To avoid this problem, the kernel added the GFP_DMA allocation flag in 1.1.68, in November 1994. That flag didn't actually do anything until 1.1.69, and was not used until the Buslogic SCSI driver added support in 1.1.73. This flag asked the memory-management subsystem to allocate memory within the physical address range that was reachable by ISA devices, so that driver authors no longer needed to worry when allocating buffers.

At that time, GFP_DMA simply caused the allocator to skip over memory that was not suitably located. That worked, but life, as is its wont, became more complicated. The kernel, in the early days, could only manage a bit less than 1GB of physical memory; the 32-bit address space, as partitioned by the kernel, simply could not contain any more. That nearly 1GB, of course, ought to have been enough for anybody. But users can be rather strident when it comes to being able to use all of the memory they paid for, so kernel developers came under pressure to find a solution.

That solution was "high memory", which could be allocated to user-processes but could not be directly addressed by the kernel without an explicit (and temporary) mapping step.

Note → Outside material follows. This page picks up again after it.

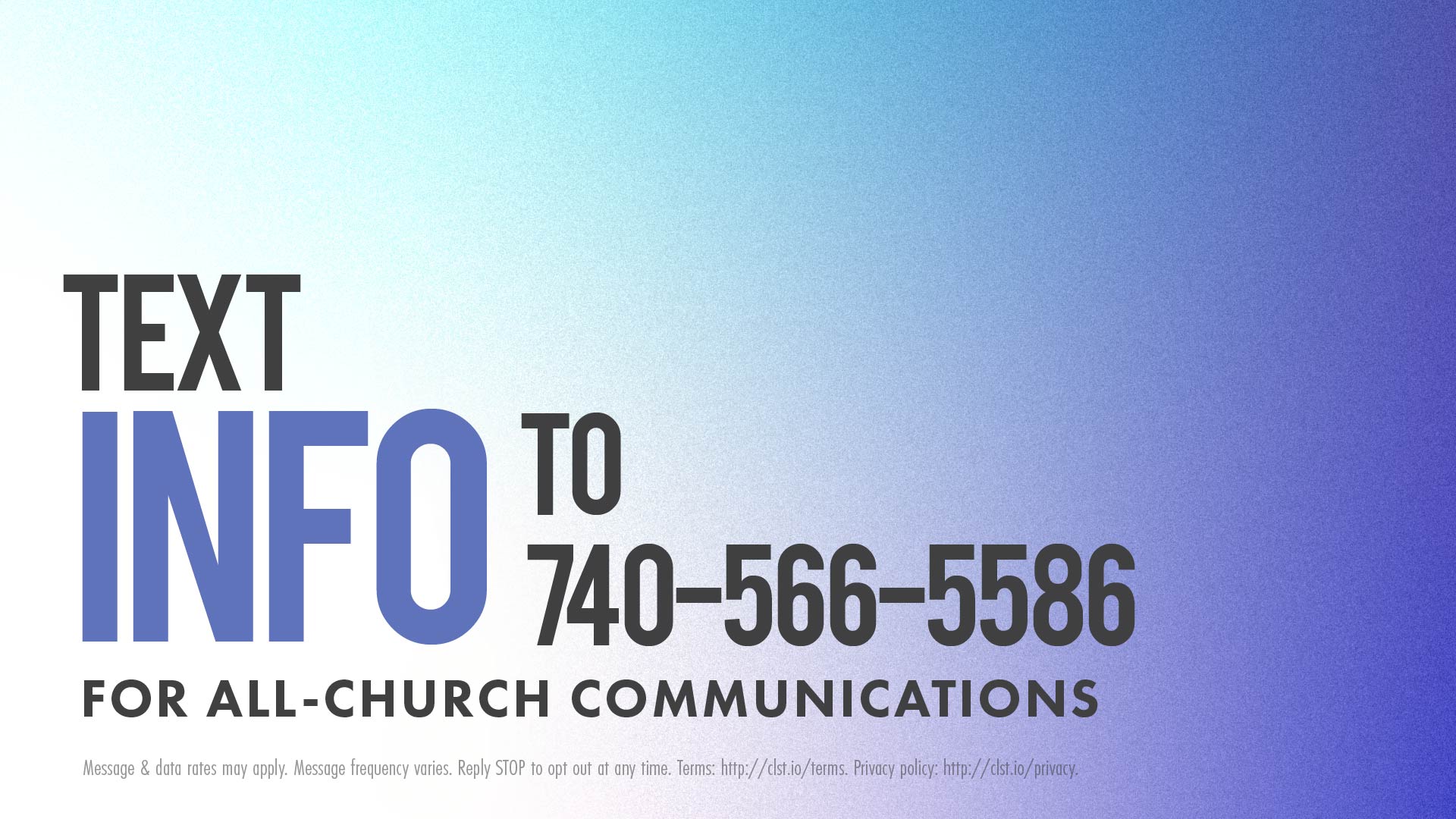 Text INFO to 740-566-5586 to subscribe to general information text updates from Brookfield Church, including inclement weather updates. Message & data rates may apply. Message frequency varies. Reply STOP to opt out at any time. Terms: http://clst.io/terms. Privacy policy: http://clst.io/privacy.

High memory was added to 2.3.23pre3 in late 1999, adding another type of memory that had to be taken into account; memory used by the kernel usually could not be placed there. To deal with these constraints, the concept of "memory types" was added to 2.3.23pre5. That concept was then formalized into "zones" in the 2.3.27 release in November 1999. At that time, there were three zones: ZONE_DMA, ZONE_NORMAL, and ZONE_HIGHMEM.

An important aspect of the zone system is that the zones were organized in an order that allowed for a straightforward fallback mechanism. Any allocation that could be served out of ZONE_HIGHMEM could also be satisfied from either of the other two zones, and ZONE_NORMAL allocations could fall back to ZONE_DMA. That property still holds in current kernels.

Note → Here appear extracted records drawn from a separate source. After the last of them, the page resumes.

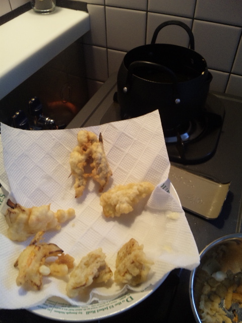 天ぷらに挑戦なんです。おかーさんと一緒にやっていただけで、ひとりでは初めて揚げました。揚げ物が不得意とわかったので、基本に忠実にやってみました。このための今日。すごくさくっとしておいしいのですが、時間が経ったらわからないのでしばし放置。でも、夕食は天ぷらで決まりです☆毎日料理の本開いたり調べたり、ぱぱっとうまくなる魔法でもないのかしら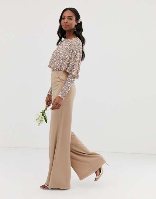 Maya Tall cape detail jumpsuit with tonal delicate sequin top in taupe blush Very well made.
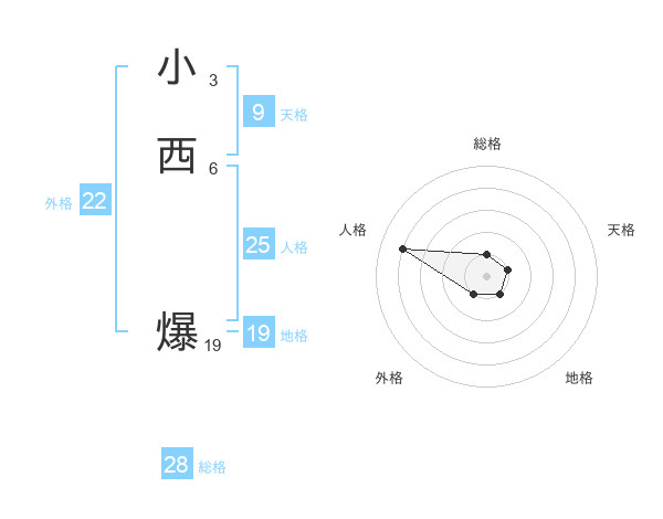 小西 爆さんの外格は22画の1点!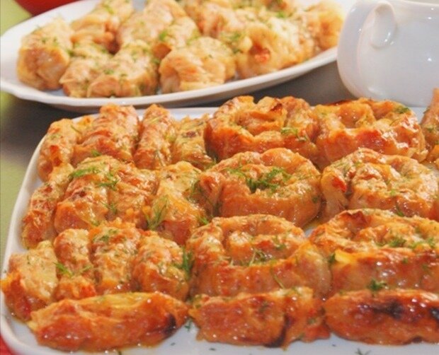 Приготовила голубцы по этому рецепту, так понравилось, теперь готовлю только этим способом. Для приготовления понадобится: Говяжий фарш - 600 гр Лук репчатый - 2 шт (150 гр) Отварной рис - 150 гр Петрушка - пучок Соль и специи по вкусу Всё перемешать, лучше руками. Капуста. Взять кочан капусты, удалить кочерыжку. В кипящую воду добавить уксус (9%) - 2 столовые ложки, поместить кочан капусты, периодически переворачивая. Листы капусты должны отходить целиковыми листьями, помогаем вилкой снять их с кочана. Те, которые хорошо отошли, перекладываем в отдельную посуду остывать. Берем лист, разрезаем пополам удаляя грубую часть. Так делаем со всеми остальными. Овощи. Разогреть сковороду, добавить растительное масло. Нарезаем лук - 250 гр, обжариваем. Добавляем морковь - 2 шт. (250 гр), обжариваем вместе с луком. Далее понадобится болгарский перец - 2шт (250 гр), нарезать соломкой, добавить к луку с морковью. Соль, чёрный молотый перец - по вкусу. Перемешать и положить томатную пасту - 1

The 2.6.15 kernel, released in January 2006, saw the addition of ZONE_DMA32, wedged between ZONE_DMA and ZONE_NORMAL, to meet the needs of devices that could only handle 32-bit DMA addresses. In 2.6.23 (October 2007), ZONE_MOVABLE was added, and ZONE_DEVICE showed up in 4.3 (November 2015) to describe CPU-addressable memory installed on peripheral devices.

To an extent, all of these zones describe physical characteristics of the memory involved, mostly relating to addressability. ZONE_MOVABLE is a bit of an exception, though. It describes memory where, with luck, all of the contents can be moved elsewhere if need be. User-space pages, for example, can be migrated elsewhere in memory; the page-table entries will be updated accordingly, and user space will never know that anything changed. This zone was added to support hotplug memory that could be added to (or removed from) a system at any time. If memory is to be removed from a system, it is somewhat important to shift all of the contents of the memory elsewhere first.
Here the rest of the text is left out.